Belle sat back in wonderment at a curiously twenty-first-century attitude for a man alive during the Twenties. “Tracy? I guess that wasn’t a topic for discussion while I was growing up.”
He gave a low whistle. “As a kid, you sure were confused about The Children’s Hour. Your mother was at Massey Hall the night it showed at the screening, so you had to come.” He had been a booker for Odeon Pictures in Toronto, and they’d seen four new releases every week together once she reached Grade One. “You cried because Shirley MacLaine was so sad.”
The large clock on the wall was sending her a message. She turned with reluctance to a more alarming subject. “Cherie says your blisters are getting worse. Let’s see.” She rolled up his pants and nearly gasped in horror. Huge, watery black sacs covered his lower legs.

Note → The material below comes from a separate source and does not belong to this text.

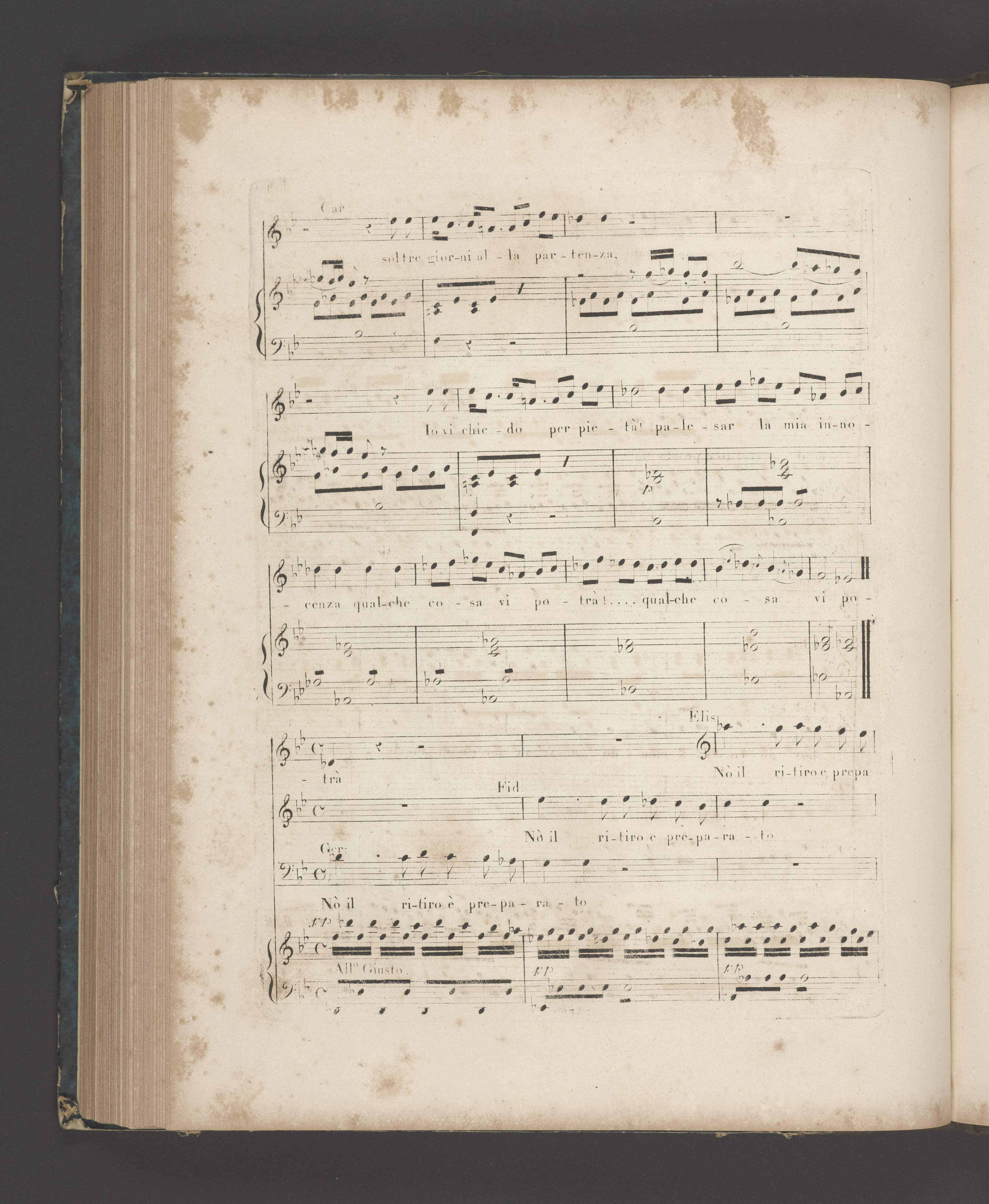 [caption title:] PARTIZIONE | del | MATRIMONIO SEGRETO | Opera Buffa | Musique de | CIMAROSA | Ridotta Per Piano-Forte | Prezzo: 36.|f | a Paris chez CARLI, Editeur M|d de Musique, Boulevard Montmartre N|o 14

“They don’t hurt. Not one bit.”
“A saving grace.” She tried not to shudder. Was he merely being brave, or was some more pernicious condition festering, like diabetes?
Making a note to tell the nurse to have the doctor check her father on the weekly visit, she left the nursing home. Something was very wrong here. For once she wished she lived down south with a lion’s share of specialists . . . or in the States, with money up front and no waiting.